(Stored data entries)
★ ★ ★ ★ ★

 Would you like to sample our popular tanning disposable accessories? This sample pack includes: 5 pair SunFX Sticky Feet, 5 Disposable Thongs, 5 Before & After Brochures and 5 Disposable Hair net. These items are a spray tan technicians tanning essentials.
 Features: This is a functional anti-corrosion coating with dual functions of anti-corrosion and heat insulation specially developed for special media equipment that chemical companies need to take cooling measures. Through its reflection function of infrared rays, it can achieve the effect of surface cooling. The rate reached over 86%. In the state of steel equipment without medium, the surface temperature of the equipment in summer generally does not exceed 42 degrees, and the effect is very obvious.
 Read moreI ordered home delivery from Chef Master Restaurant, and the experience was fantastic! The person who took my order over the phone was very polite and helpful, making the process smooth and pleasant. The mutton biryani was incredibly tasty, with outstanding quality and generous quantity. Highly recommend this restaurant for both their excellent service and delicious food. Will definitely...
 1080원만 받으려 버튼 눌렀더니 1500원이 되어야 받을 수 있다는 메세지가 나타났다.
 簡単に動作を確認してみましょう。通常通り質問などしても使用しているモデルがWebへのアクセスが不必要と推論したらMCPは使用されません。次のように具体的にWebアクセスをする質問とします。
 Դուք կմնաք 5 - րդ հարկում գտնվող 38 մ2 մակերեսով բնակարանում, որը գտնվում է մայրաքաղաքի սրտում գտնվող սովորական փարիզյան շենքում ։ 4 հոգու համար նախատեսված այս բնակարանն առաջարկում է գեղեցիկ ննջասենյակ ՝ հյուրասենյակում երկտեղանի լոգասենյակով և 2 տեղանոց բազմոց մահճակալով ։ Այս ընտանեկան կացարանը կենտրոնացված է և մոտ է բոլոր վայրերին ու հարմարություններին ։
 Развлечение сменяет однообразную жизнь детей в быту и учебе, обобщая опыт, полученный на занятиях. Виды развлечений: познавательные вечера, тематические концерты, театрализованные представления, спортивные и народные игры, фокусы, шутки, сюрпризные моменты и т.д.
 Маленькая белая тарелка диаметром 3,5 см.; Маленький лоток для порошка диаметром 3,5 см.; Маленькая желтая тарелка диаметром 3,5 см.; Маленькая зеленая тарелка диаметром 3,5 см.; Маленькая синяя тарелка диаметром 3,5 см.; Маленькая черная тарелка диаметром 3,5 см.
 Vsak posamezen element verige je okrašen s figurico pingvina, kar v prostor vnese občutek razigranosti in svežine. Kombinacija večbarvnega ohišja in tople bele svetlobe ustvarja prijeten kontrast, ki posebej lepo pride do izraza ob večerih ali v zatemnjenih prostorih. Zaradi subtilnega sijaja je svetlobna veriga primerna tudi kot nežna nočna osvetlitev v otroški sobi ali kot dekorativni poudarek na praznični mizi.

★ ★ ★ ★ ★

- [Task requirements] The answer must contain only the lines from the one with "1080원만 받으려 버튼" to the end of the entries above, each written out exactly.

- [Finished exercise]
 1080원만 받으려 버튼 눌렀더니 1500원이 되어야 받을 수 있다는 메세지가 나타났다.
 簡単に動作を確認してみましょう。通常通り質問などしても使用しているモデルがWebへのアクセスが不必要と推論したらMCPは使用されません。次のように具体的にWebアクセスをする質問とします。
 Դուք կմնաք 5 - րդ հարկում գտնվող 38 մ2 մակերեսով բնակարանում, որը գտնվում է մայրաքաղաքի սրտում գտնվող սովորական փարիզյան շենքում ։ 4 հոգու համար նախատեսված այս բնակարանն առաջարկում է գեղեցիկ ննջասենյակ ՝ հյուրասենյակում երկտեղանի լոգասենյակով և 2 տեղանոց բազմոց մահճակալով ։ Այս ընտանեկան կացարանը կենտրոնացված է և մոտ է բոլոր վայրերին ու հարմարություններին ։
 Развлечение сменяет однообразную жизнь детей в быту и учебе, обобщая опыт, полученный на занятиях. Виды развлечений: познавательные вечера, тематические концерты, театрализованные представления, спортивные и народные игры, фокусы, шутки, сюрпризные моменты и т.д.
 Маленькая белая тарелка диаметром 3,5 см.; Маленький лоток для порошка диаметром 3,5 см.; Маленькая желтая тарелка диаметром 3,5 см.; Маленькая зеленая тарелка диаметром 3,5 см.; Маленькая синяя тарелка диаметром 3,5 см.; Маленькая черная тарелка диаметром 3,5 см.
 Vsak posamezen element verige je okrašen s figurico pingvina, kar v prostor vnese občutek razigranosti in svežine. Kombinacija večbarvnega ohišja in tople bele svetlobe ustvarja prijeten kontrast, ki posebej lepo pride do izraza ob večerih ali v zatemnjenih prostorih. Zaradi subtilnega sijaja je svetlobna veriga primerna tudi kot nežna nočna osvetlitev v otroški sobi ali kot dekorativni poudarek na praznični mizi.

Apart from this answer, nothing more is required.